We get these stories every few years:
Students in JoAnne Bolser’s middle school class were, at first, surprised when she gave them a math quiz that used pimps, gang members, and cocaine as test questions. Their surprise turned to shock when she told them the test wasn’t a joke.
The principal at Cranford Burns Middle School in Mobile, Alabama promptly placed the longtime educator on administrative leave after angry parents complained, NBC News reports.
Here are a few of the questions Bolser gave her eighth-grade class, via NBC:
“Tyrone knocked up 4 girls in the gang. There are 20 girls in his gang. What is the exact percentage of girls Tyrone knocked up?”
“Pedro got 6 years for murder. He also got $10,000 for the hit. If his common-law wife spends $100 of his hit money per month, how much money will be left when he gets out?”
The test has been floating around for years. White lady teacher, about to retire. School year is almost done… No biggie. Then I saw this in the article:
Parent Erica Hall told NBC affiliate WPMI-TV that her son snapped a picture of the quiz and sent it to her.
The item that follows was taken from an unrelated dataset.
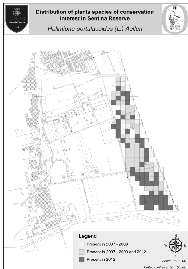
Fig. 4 - Distribution map of Halimione portulacoides in the 'Sentina' Regional Natural Reserve for 2007 to 2012.

Similar to the situation seen for E. juncea subsp. juncea , S. versicolor has shifted its sites towards the more inner areas of the Natural Reserve. Indeed, the plants that in 2009 were closer to the beach are no longer present today. In contrast, S. versicolor can now be found in the more internal sites where it was not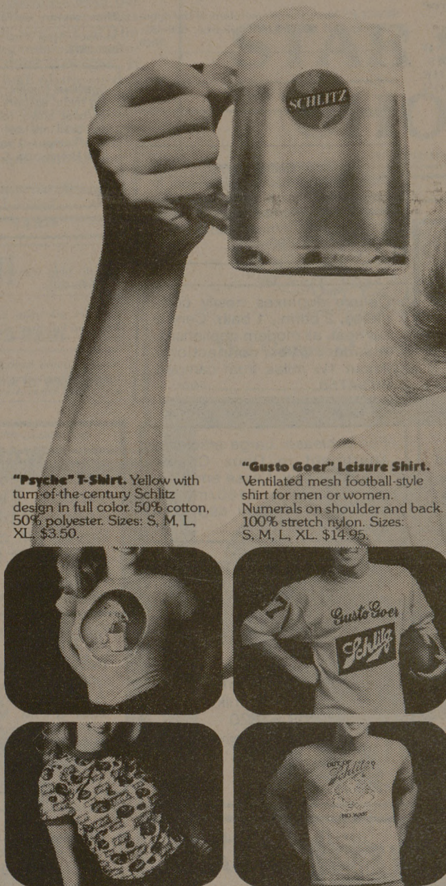
"Psyche" T-Shirt. Yellow with turn-of-the-century Schlitz design in full color. 50% cotton, 50% polyester. Sizes: S, M, L, XL. $3.50.

She and her husband, both outraged, visited the principal.
According to NBC, school communications director Rena Philips said Hall and her husband were the only parents to complain, even though a lot of anger was expressed on social media. She said school officials quickly addressed the issue:
“The principal looked into it and then our school resource officer investigated it and then we immediately put the teacher on administrative leave.”
The school resource officer is not generally an educator in charge of resources.
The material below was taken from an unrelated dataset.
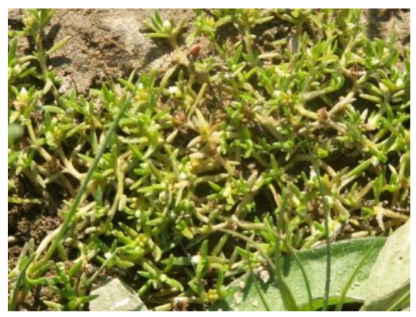
Crassula aquatica.

This species occurs scattered over Eurasia and North America. According to the Atlas Florae Europaeae (Jalas et al. 1999), the European distribution area of Crassula aquatica is clearly concentrated in Finland, Sweden and Russia. Within the Baltic Sea region the species occurs frequently in coastal waters. In Finland Crassula aquatica occurs in most of the country (Ryttäri et al. 2012), both in slightly brackish and freshwaters. In Sweden the species can be found along the western coast, Lake Vänern, River Dalälven and on the coast of Norrland in northern Sweden (Swedish Species Information Center 2010).

That’s what they call the in-house police officer. The principal called in NOT the head of the department, NOT the Human Resources rep for the school and NOT anybody in educational administration. The second step was to call in the on-campus police.
When the SRO slammed that high school girl to the floor in South Carolina, I questioned the use of the police in enforcing school rules. There are police, and there are school employees. Police should not be enforcing a “no phones” policy, and they sure have no reason to investigate a test passed out by a teacher.